Die Symbolik der Mond- und Sonnengottheiten ist so unentwirrbar ver­wickelt, daß es nahezu unmöglich ist, solche Glyphen wie das Ei, den Lotus, und die „heiligen“ Tiere von einander zu trennen. Der Ibis z. B. wurde in Ägypten in größter Verehrung gehalten. Er war der Isis geweiht, welche oft mit dem Haupte dieses Vogels abgebildet wird, und ebenso dem Merkur oder Thoth, von dem es heißt, er habe seine Form angenommen, während er dem Typhon entkam. Es gab zwei Arten von Ibissen in Ägypten, wie uns Herodot [18] sagt; eine ganz schwarze, die andere schwarz und weiß. Von der ersten glaubte man, daß sie die geflügelten Schlangen bekämpfe und vertilge, welche jedes Frühjahr aus Arabien kommen und das Land überfallen sollten.

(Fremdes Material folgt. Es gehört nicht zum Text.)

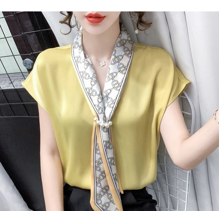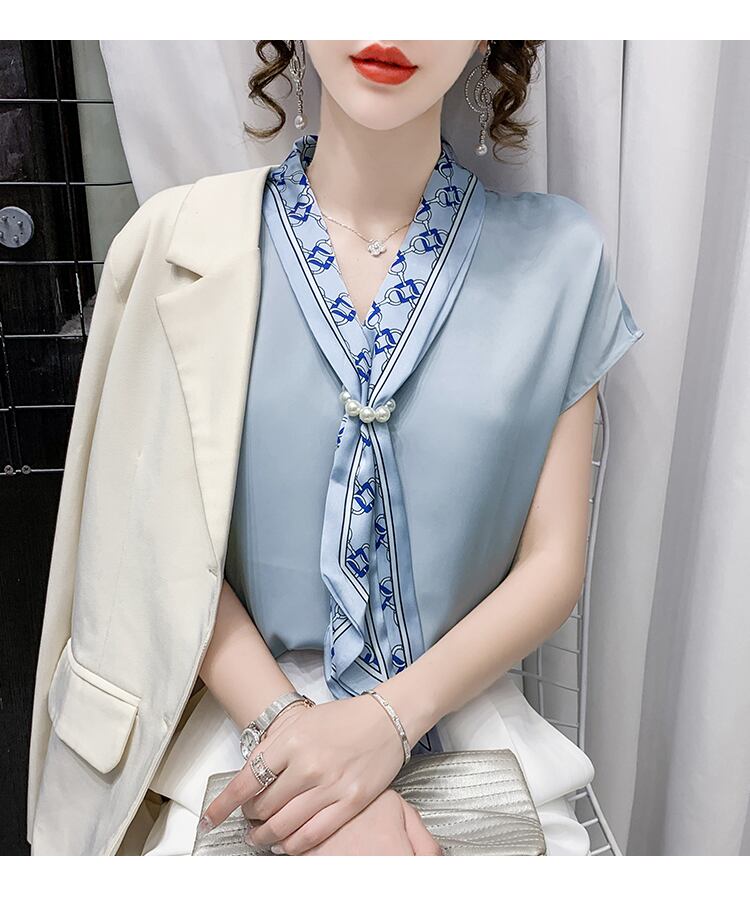 【tops】エレガント フランス風 上品なシルエットスウィートノースリーブシフォンシャツ G6716
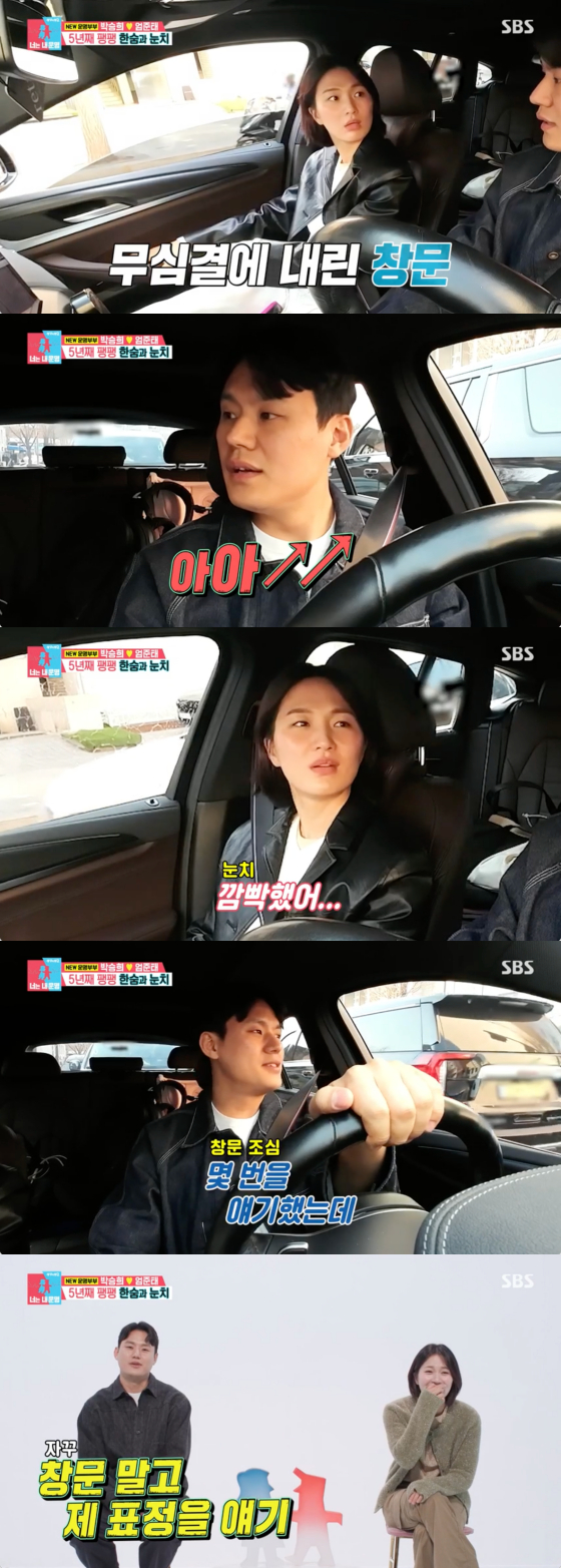 박승희는 제작진에게 "남편이 창문 내리지 말라고 10번 얘기하면 제가 5번을 내린다. 창문 내리는 순간 오만가지 생각이 다 든다. 그런데 자꾸 화를 내니까 눈치를 보게 된다"고 털어놨고, 엄준태는 "창문 내린 것에 대해 얘기해야 하는데 (박승희는) 자꾸 제 표정에 집중한다"고 반박했다.

Die andere war dem Monde geweiht, weil die vordere Oberfläche dieses Weltkörpers weiß und glänzend sei, dunkel und schwarz aber jene Seite, welche er niemals der Erde zukehrt. Obendrein tötet der Ibis Landschlangen und richtet die schrecklichste Verheerung unter den Krokodileiern an und schützt dadurch Ägypten davor, daß der Nil von diesen schrecklichen Sauriern allzu unsicher gemacht werde. Man glaubt, daß der Vogel dies bei Mond­schein thue, und so von Isis unterstützt werde, deren siderisches Symbol der Mond ist. Aber die korrektere esoterische Wahrheit, die dieser Volksmythe zu Grunde liegt, ist die, daß Hermes, wie Abenephius zeigt, [19] über die Ägypter unter der Form dieses Vogels wachte, und sie die occulten Künste und Wissenschaften lehrte. Dies bedeutet einfach, daß die ibis religiosa „magische“ Eigenschaften mit vielen anderen Vögeln, insbesondere mit dem Albatros und dem mythischen weißen Schwane, dem Schwane der Ewigkeit oder Zeit dem Kâla­hansa gemein hatte und hat.

In der That, wäre es anders, warum hätten alle alten Völker, welche nicht mehr Narren waren als wir, eine solche abergläubische Furcht vor dem Töten gewisser Vögel haben sollen. In Ägypten wagte einer, der einen Ibis tötete, oder den Goldsperber, das Symbol der Sonne und des Osiris, den Tod und konnte demselben nicht leicht entgehen. Die Verehrung einiger Nationen für Vögel war eine derartige, daß Zoraster in seinen Vorschriften ihren Mord als ein verruchtes Verbrechen verbietet. In unserem Zeitalter lachen wir über jede Art von Wahrsagung. Doch warum sollen soviele Generationen an eine Weissagung durch Vögel geglaubt haben und selbst an Oomantie welche nach Suidas von Orpheus mitgeteilt worden sein soll, welcher lehrte, wie unter gewissen Bedingungen aus dem Dotter und Weißen eines Eies das zu entnehmen sei, was der daraus geborene Vogel in der kurzen Zeit seines Lebens rund um sich gesehen haben würde. Diese occulte Kunst, welche vor 3000 Jahren die größte Gelehrsamkeit und die verwickeltsten mathemathischen Berechnungen erforderte, ist jetzt der tiefsten Erniedrigung verfallen; und heutzutage sind es nur mehr alte Köchinnen und Wahrsagerinnen, welche Dienstmädchen, die einen Mann suchen, aus dem Weißen eines Eies in einem Glas die Zukunft herauslesen.


[18] Euterpe, 75, 76.

[19] De cultu Egypt.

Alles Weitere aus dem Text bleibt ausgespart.